Right-wing media have repeatedly attempted to rally GOP filibusters against the president’s nominees to three vacancies on the D.C. Circuit, the appellate court considered the second-most important in the nation and currently skewed to the right. NRO recently joined the attack with the first personal smear, prefaced with the “damning assessment” that an unnamed source claims Pillard is “[liberal Ninth Circuit Judge Stephen] Reinhardt in a skirt but less moderate.”
Obama has nominated three highly-qualified picks to fill these seats and offset the conservative imbalance of the D.C. Circuit’s complement of active and senior judges. One of these choices is Pillard, graduate of Yale College and Harvard Law School, veteran of the Clinton administration, and former employee of both the American Civil Liberties Union and the NAACP Legal Defense and Education Fund. She also is an accomplished Supreme Court litigator in sex equality law (also referred to as gender equality law) and a contributor to the successful arguments in United States v. Virginia, which opened the doors of the Virginia Military Institute to women by firmly establishing the equal protection clause of the Fourteenth Amendment applies heightened scrutiny to sex discrimination.

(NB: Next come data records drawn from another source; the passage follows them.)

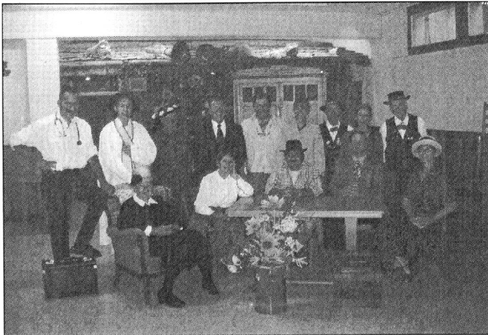
Le groupe théâtral de l'A Cobva.

Chez nous, ce sont les femmes qui commandent, mais elles sont braves et pardonnent quelques excès bien qu'elles ne crachent pas dans le verre. Honneur à elles.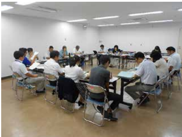
事業内容、進め方の検討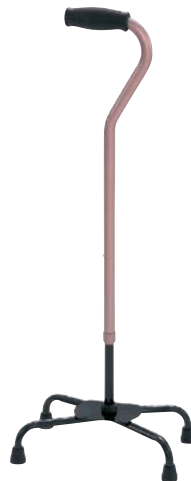
②グレイッシュブラウン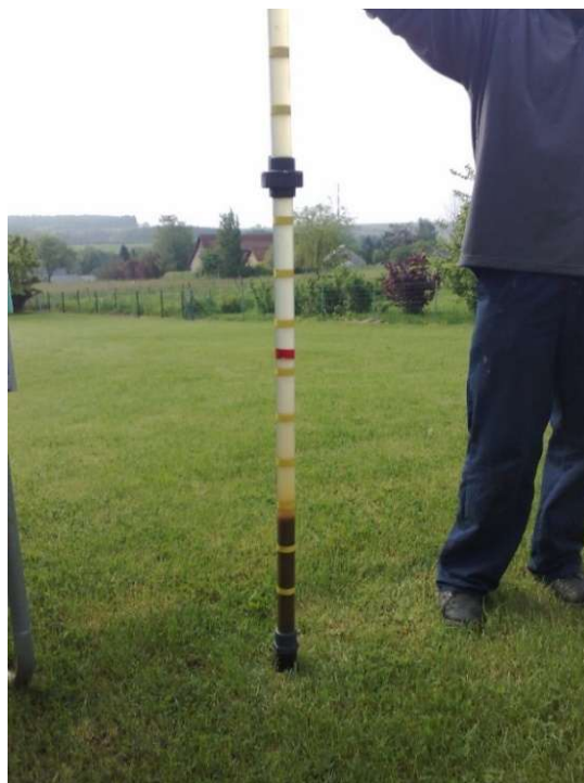
Mesure de niveau de boues dans le décanteur primaire

Lors de l'entretien de l'unité d'épuration individuelle effectué par un prestataire d'entretien agréé par ATB, celui-ci effectue un carottage dans le décanteur primaire.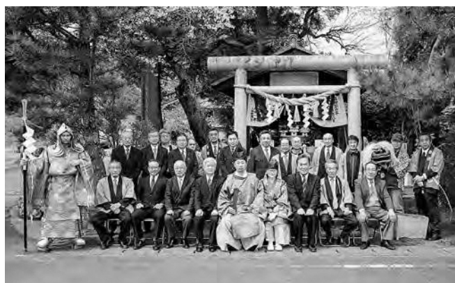
↑大滝神社例大祭に出席した関係者の皆さん

鹿島神社と大滝神社の両神社において、4月7日（日）、春季例大祭が執り行われました。広野町では、浅見川の下流域にある男神の鹿島神社の神輿と、上流域にある女神の大滝神社の神輿が町内で合流し、浅見川河口で身を清め五穀豊穰を祈る神事（浜下り神事）が行われていますが、今年は神事のみが執り行われました。鹿島神社では境内に神輿を鎮座させ、氏子らが祈りをささげました。大滝神社では長畑お借宿において神事を行い、氏子らが玉串をささげました。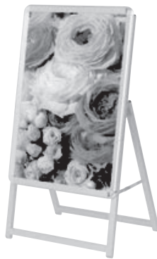
B2 片面 シルバー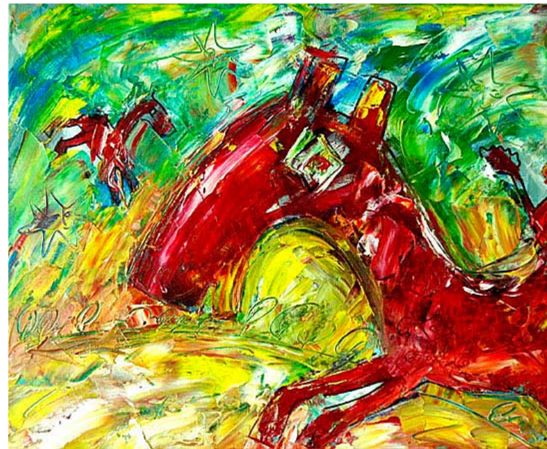
Год-олень, х\масло, 30 X 50, 2006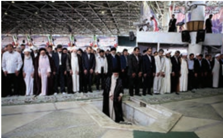
شکل ۱۶-۴- نماز جمعه تهران به امامت مقام معظم رهبری

مردم تهران نه تنها در صحنه دفاع حضور فعال داشتند بلکه با تشکیل ستاد معین بازسازی، همچنان حضور خود را در صحنه حفظ کردند و در زمینه آبادسازی مناطق آزاد شده به خصوص خرمشهر، به تلاش های خود ادامه دادند.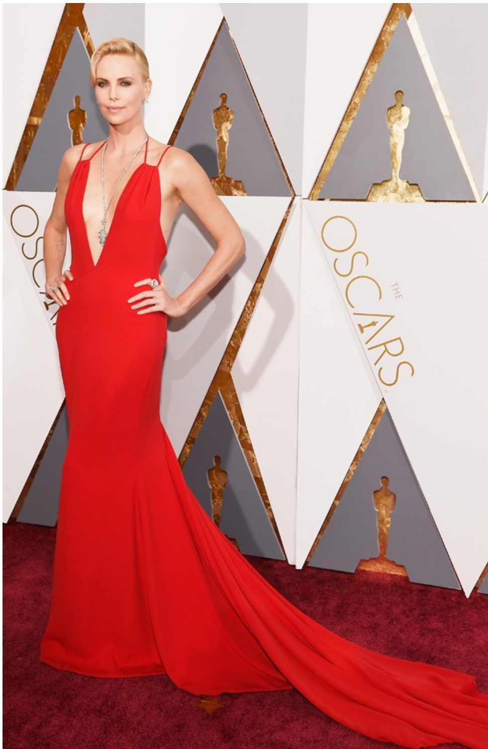
Charlize Theron no Oscar 2016

J.Law: Chegou por último e triunfante no preto sobre nude rendado Dior, hein?

In short, a liberal president nominated an extremely accomplished liberal to the D.C. Circuit.
NRO has responded with four posts that criticize a 2007 law review article Pillard wrote that argues reproductive rights, such as the constitutional right to an abortion, should be encompassed under equal protection grounds as well. Not only is this a decades-old concept at the root of sex equality doctrine, Justice Ruth Bader Ginsburg has made no secret of her support for this idea, even arguing for it in her successful 1993 Senate confirmation hearing.
Notably, the author of the pieces, Ed Whelan, chose an opening for criticizing Pillard that appears to go against his previous defense of then-nominee Justice Samuel Alito. In 2005, Whelan argued that Alito’s past anti-choice writings on reproductive rights should not be used as a barometer for how he would rule on abortion as a justice.